Deported to warzones: Home Office admits sending back thousands of child refugees
Britain has returned more than 2,700 young asylum seekers to war-torn countries in the Middle East over the past nine years – double the number originally claimed by the government.
Although most of the young people were sent back to Afghanistan, hundreds were returned to Iraq, Iran, Libya and Syria, Immigration Minister James Brokenshire said this week. The revised figures released by the Home Office reveal 60 teenagers have been deported to Iraq since 2014, the year Islamic State (IS, formerly ISIS/ISIL) took control of large parts of the country.
The revelations come in response to questions from Labour MP Louise Haigh and the Bureau of Investigative Journalism (TBIJ). Brokenshire was forced to issue a correction to figures released by the Home Office last fall that underestimated the scale of the deportations by 250 percent.
After a long battle we finally got data out of Home Office: thousands of former child asylum seekers returned pic.twitter.com/il2QEFY1HC
— The Bureau (@TBIJ) February 10, 2016
The minister told Parliament in November that just 1,040 child refugees had been returned to the Middle East between 2007 and 2015.
Unaccompanied children who come to the UK are granted temporary leave to remain, which does not offer the same protections as refugee status, and is revoked when the minors turn 18. Though children can apply for asylum, the chances of getting it are just 17 percent, the TBIJ reports.
Louise Haigh told the bureau: “These shocking figures reveal the shameful reality behind our asylum system.”
“Children who flee countries ravaged by war in the most appalling of circumstances are granted safe haven and build a life here in the UK but at the age of 18 can be forced onto a charter flight and back to a dangerous country they have no links to and barely any memory of.”
The news comes as Prime Minister David Cameron is attacked by Labour’s refugee task force. Chair of the task force, Labour MP Yvette Cooper, is expected to say on Wednesday that Cameron’s refusal to address the refugee crisis sweeping Europe will play a decisive role in the upcoming referendum on EU membership.

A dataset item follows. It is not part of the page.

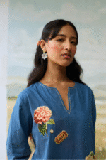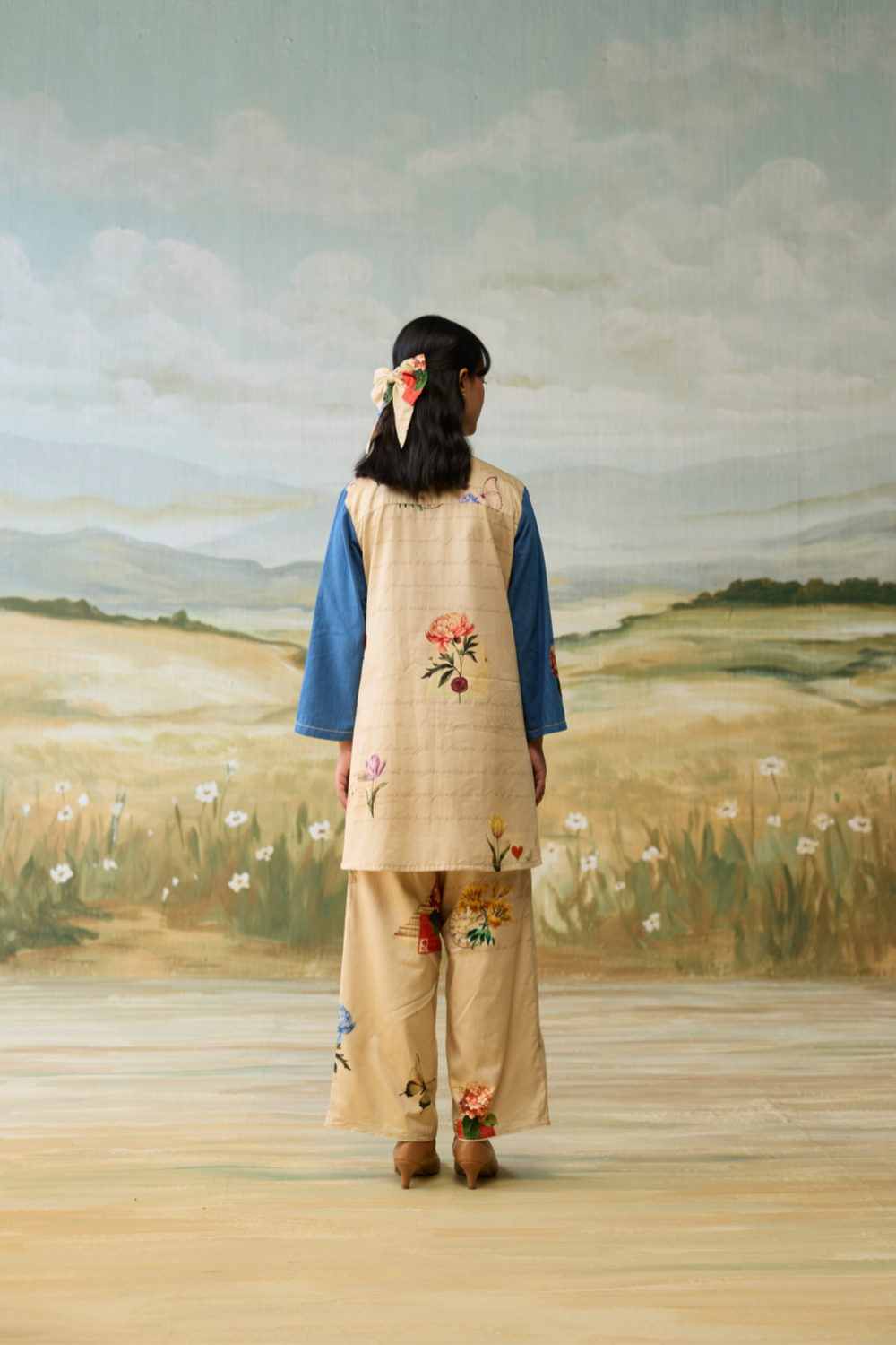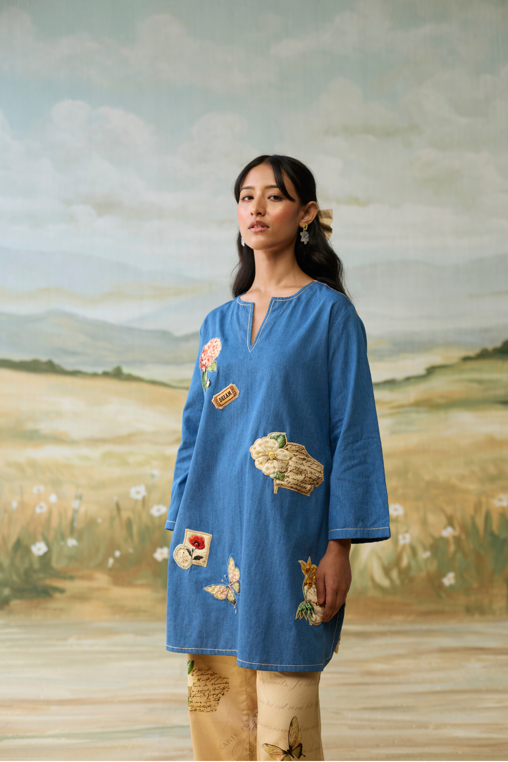 Denim embellished tunic paired with scrapbook printed pants.

She will argue that Cameron needs to reevaluate his strategy in handling the crisis if he wants Britons to vote to stay in the 28-member bloc, suggesting the border-free Schengen system needs to be dropped.
Though criticized for not going far enough by rights groups and campaigners, the government is taking some steps to adapt to the crisis. It has, for instance, temporarily halted removals to some of the worst hit countries in the Middle East. Though 57 children were sent back to Afghanistan in 2015, deportations to the country have currently been suspended on account of the security situation.

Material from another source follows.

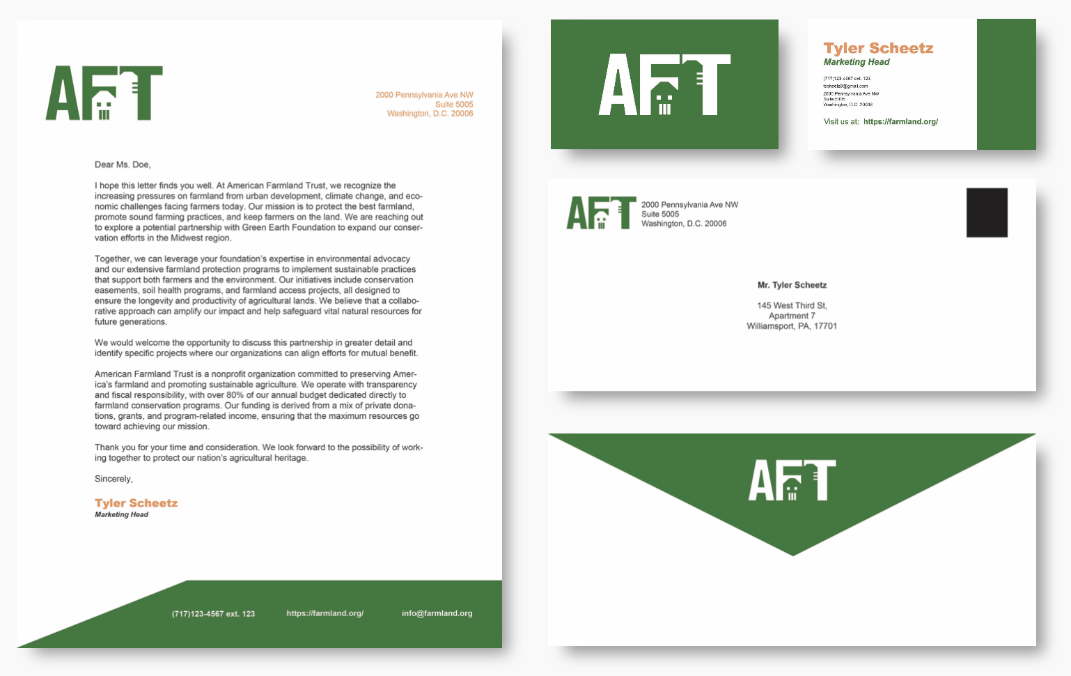 The American Farmland Trust is a non-profit organization that raises money and awareness for US farms and farmers. The project was based around creating an impact report and stationery, along with a rebranded logo. The website was created in Adobe XD, with supplementary graphics from Adobe Illustrator. The logo was created in Illustrator as well, with the stationery package being made in Adobe InDesign.

Brokenshire told the Commons last month the Home Office is negotiating with local authorities to accept more refugees under a dispersal scheme that would see asylum seekers moved from London and south east England to other parts of the UK. The announcement came in the wake of last month’s revelations by security contractor G4S that three-quarters of local authorities refuse to provide asylum seeker accommodation in their area.
Meanwhile, the Guardian reports that Lynx House asylum accommodation in Cardiff is expected to partially close in order to undertake repairs to deal with poor conditions.